How Acharya Jadunath Sarkar Built his Personal Library

Here are some delightful and hugely inspiring excerpts from the reminisces in which Acharya Jadunath Sarkar tells us how he built his personal library.
How Acharya Jadunath Sarkar Built his Personal Library

Editor’s Note

THE FOLLOWING ARE SOME delightful and inspirational excerpts from Acharya Jadunath Sarkar’s personal reminiscences on how he built up his personal library. Calling it a “personal library” is an understatement of epic proportions. In reality, his library arguably rivalled that of full-fledged universities and professional libraries. But we are getting ahead of ourselves. 

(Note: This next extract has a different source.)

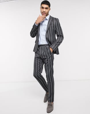 ASOS DESIGN – Szary garnitur w paski o obcisłym kroju
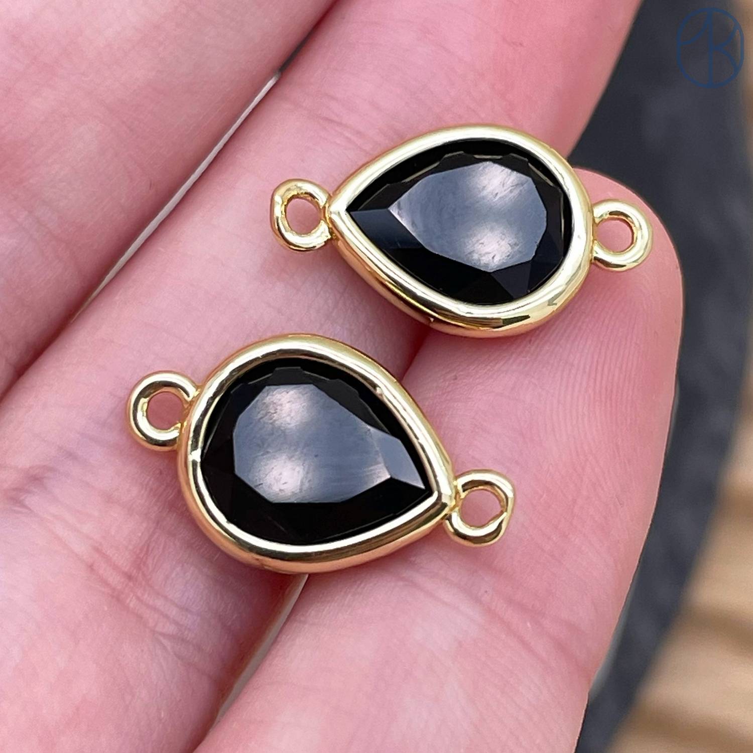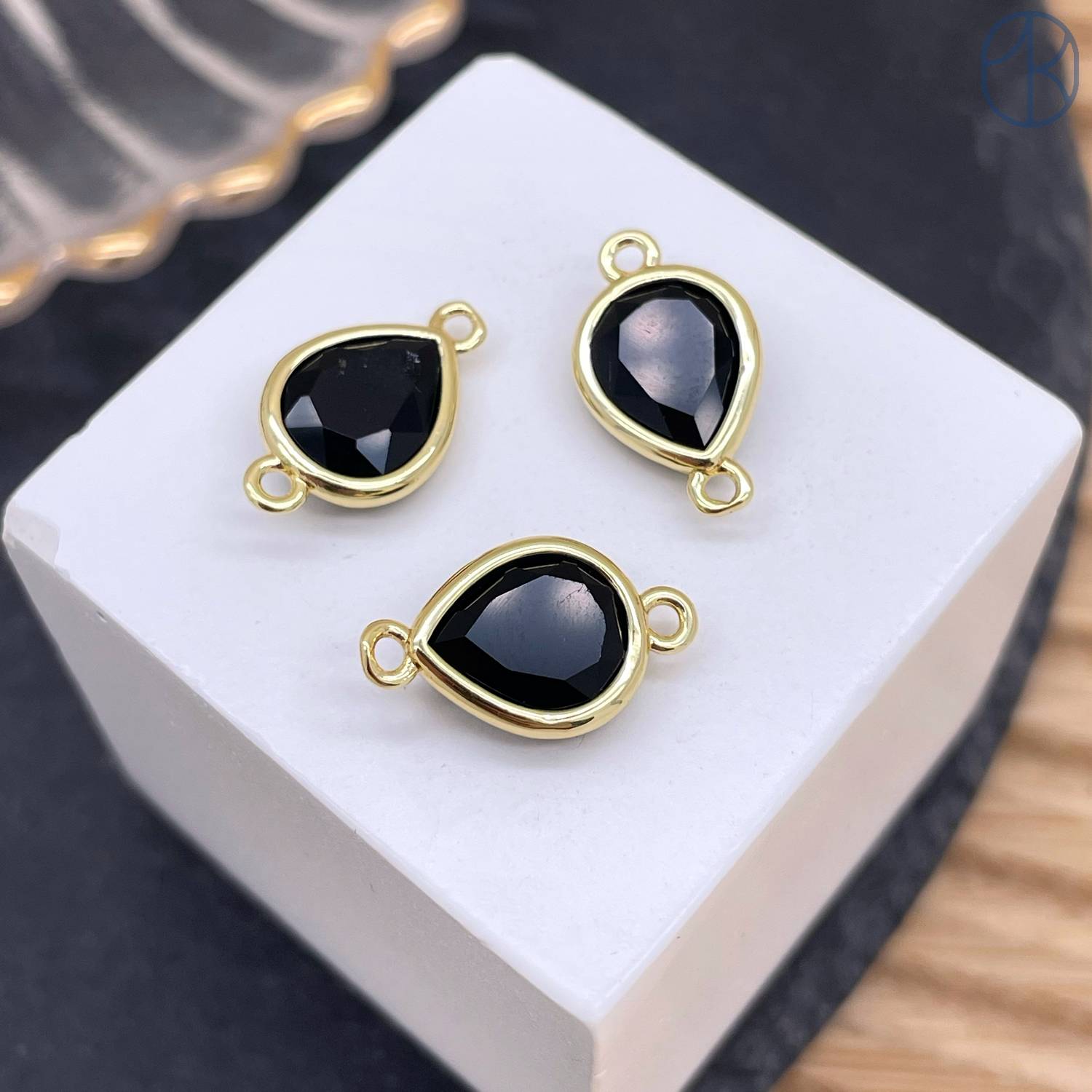 Коннектор капля огранка агат черный, цвет золото ~ 11 мм

Do the full piece! The original is titled How My Library Grew Up, published in 1958, a few months before the Acharya joined the ranks of the immortals. 

How My Library Grew Up

When I was a schoolboy in the 5th class (now called the Seventh Standard), we had to read a little Greek history. Our text-book was a charmingly written American work, Peter Parley’s Universal History, as simple and pleasant as Little Arthur’s History of England. The style and the stories lured us to read it through, and we had to give our answers in Bengali, so that we understood the contents. In the next higher class we read the chapters on Roman history from the same volume. Thus I came to know of the battles of Epaminondas and Alexander, Hannibal and Cesar.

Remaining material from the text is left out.